#### Information supplied
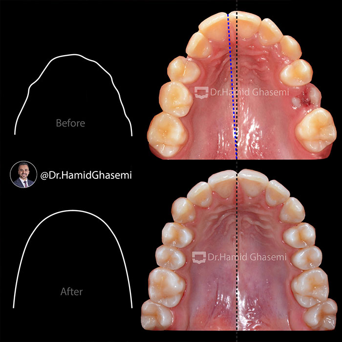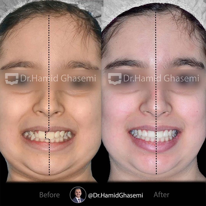 درمان ارتودنسی بدون کشیدن دندان در کیس همراه با دندان نیش نیمه نهفته و شیفت میدلاین دندانی.
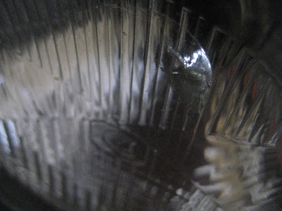 The ’71 911T came with Cibie headlights with concave lenses, not sure if you can tell that from the photos. As they seem quite unique, I always thought it would suck if they broke. Then I noticed a big rock chip in the passenger lens. Suspicion confirmed. They will break but to cover them with blue tape is going to make difficult driving at night.
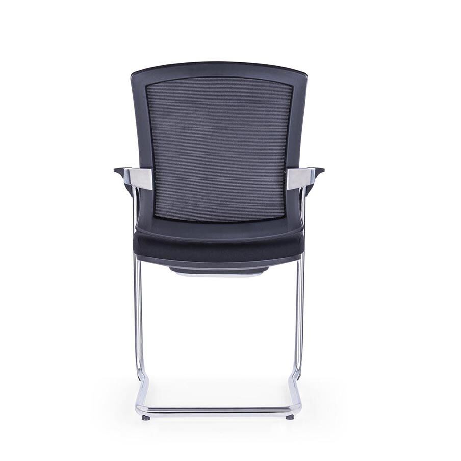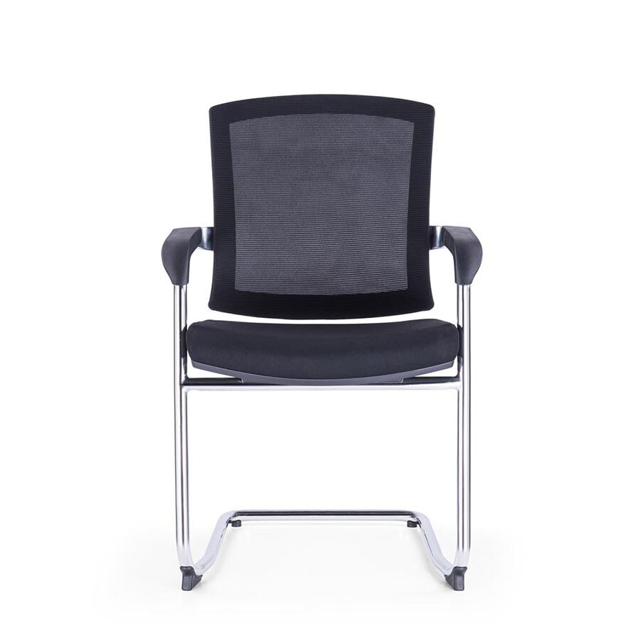 The Black Visitor Chair in the Cloud series showcases a modern aesthetic, characterized by its nylon glass fiber frame. The leg and armrest seamlessly link to the back, complemented by PP top armrests, a plush 45 high-density foam seat, and a chrome leg with a robust 1.8mm thickness.

#### Your task
Without any pictures, please write out the lines from the one containing "The ’71 911T" through the final line of the data, exactly and inclusive of both ends.

#### The answer
 The ’71 911T came with Cibie headlights with concave lenses, not sure if you can tell that from the photos. As they seem quite unique, I always thought it would suck if they broke. Then I noticed a big rock chip in the passenger lens. Suspicion confirmed. They will break but to cover them with blue tape is going to make difficult driving at night.
 The Black Visitor Chair in the Cloud series showcases a modern aesthetic, characterized by its nylon glass fiber frame. The leg and armrest seamlessly link to the back, complemented by PP top armrests, a plush 45 high-density foam seat, and a chrome leg with a robust 1.8mm thickness.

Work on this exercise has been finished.